*** DATA SUPPLIED Section Begins ***
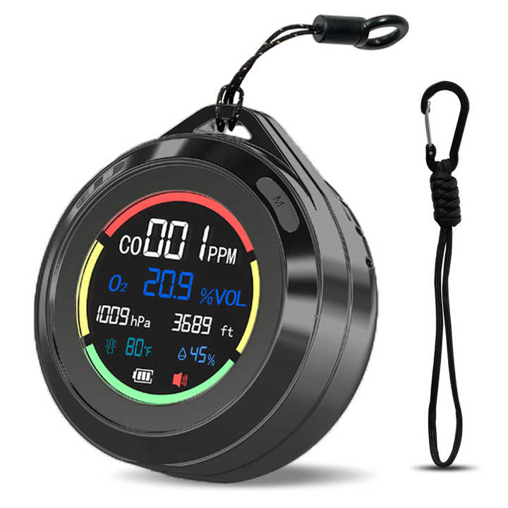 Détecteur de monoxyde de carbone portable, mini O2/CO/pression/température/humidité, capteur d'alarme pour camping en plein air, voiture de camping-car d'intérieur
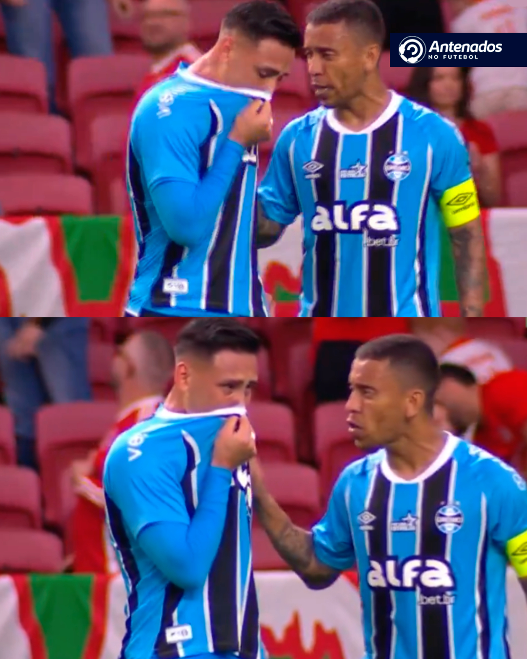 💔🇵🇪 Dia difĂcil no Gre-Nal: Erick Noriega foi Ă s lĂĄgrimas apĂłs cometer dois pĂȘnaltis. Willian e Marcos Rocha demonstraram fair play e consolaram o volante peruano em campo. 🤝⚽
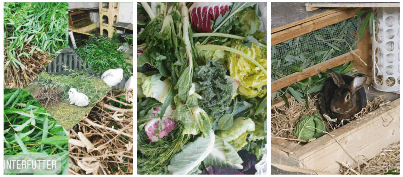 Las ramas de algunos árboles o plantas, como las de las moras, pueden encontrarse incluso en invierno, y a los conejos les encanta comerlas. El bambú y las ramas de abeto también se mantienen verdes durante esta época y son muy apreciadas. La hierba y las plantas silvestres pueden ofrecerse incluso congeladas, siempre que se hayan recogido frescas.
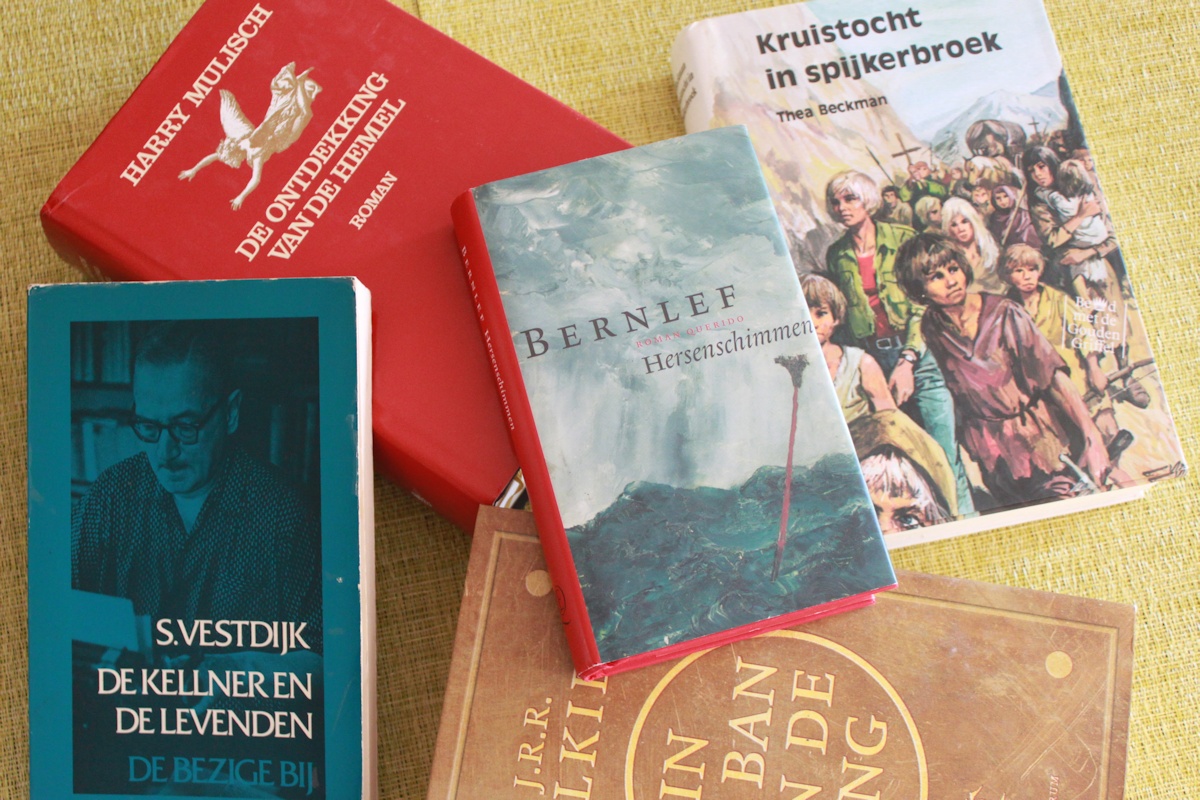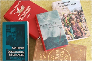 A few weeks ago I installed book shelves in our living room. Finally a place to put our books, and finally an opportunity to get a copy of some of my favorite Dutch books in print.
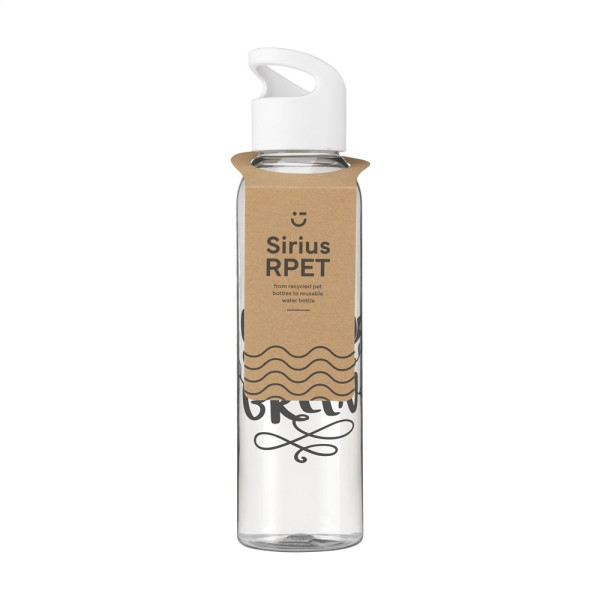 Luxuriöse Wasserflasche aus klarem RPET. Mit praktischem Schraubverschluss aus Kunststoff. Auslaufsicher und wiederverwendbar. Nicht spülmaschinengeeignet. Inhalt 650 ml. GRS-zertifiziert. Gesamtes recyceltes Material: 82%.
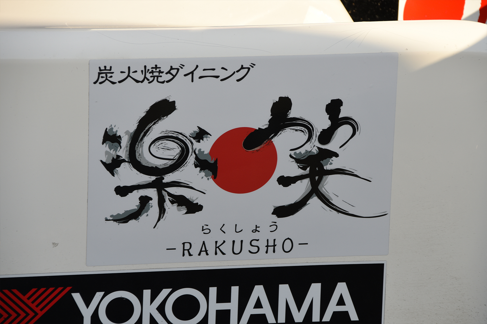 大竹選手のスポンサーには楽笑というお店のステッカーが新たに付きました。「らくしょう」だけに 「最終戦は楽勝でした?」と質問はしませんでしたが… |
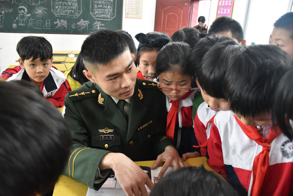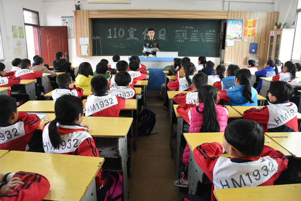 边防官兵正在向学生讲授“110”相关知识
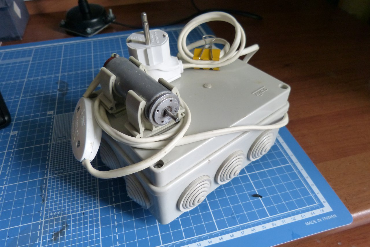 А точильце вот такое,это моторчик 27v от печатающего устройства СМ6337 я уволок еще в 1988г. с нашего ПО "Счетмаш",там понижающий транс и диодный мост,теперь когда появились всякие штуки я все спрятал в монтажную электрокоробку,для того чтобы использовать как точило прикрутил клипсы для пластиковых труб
*** DATA SUPPLIED Section Ends ***
TASK TO CARRY OUT
Omit the pictures and restate the rest of the records verbatim.

FINISHED EXERCISE
 Détecteur de monoxyde de carbone portable, mini O2/CO/pression/température/humidité, capteur d'alarme pour camping en plein air, voiture de camping-car d'intérieur
 💔🇵🇪 Dia difĂcil no Gre-Nal: Erick Noriega foi Ă s lĂĄgrimas apĂłs cometer dois pĂȘnaltis. Willian e Marcos Rocha demonstraram fair play e consolaram o volante peruano em campo. 🤝⚽
 Las ramas de algunos árboles o plantas, como las de las moras, pueden encontrarse incluso en invierno, y a los conejos les encanta comerlas. El bambú y las ramas de abeto también se mantienen verdes durante esta época y son muy apreciadas. La hierba y las plantas silvestres pueden ofrecerse incluso congeladas, siempre que se hayan recogido frescas.
 A few weeks ago I installed book shelves in our living room. Finally a place to put our books, and finally an opportunity to get a copy of some of my favorite Dutch books in print.
 Luxuriöse Wasserflasche aus klarem RPET. Mit praktischem Schraubverschluss aus Kunststoff. Auslaufsicher und wiederverwendbar. Nicht spülmaschinengeeignet. Inhalt 650 ml. GRS-zertifiziert. Gesamtes recyceltes Material: 82%.
 大竹選手のスポンサーには楽笑というお店のステッカーが新たに付きました。「らくしょう」だけに 「最終戦は楽勝でした?」と質問はしませんでしたが… |
 边防官兵正在向学生讲授“110”相关知识
 А точильце вот такое,это моторчик 27v от печатающего устройства СМ6337 я уволок еще в 1988г. с нашего ПО "Счетмаш",там понижающий транс и диодный мост,теперь когда появились всякие штуки я все спрятал в монтажную электрокоробку,для того чтобы использовать как точило прикрутил клипсы для пластиковых труб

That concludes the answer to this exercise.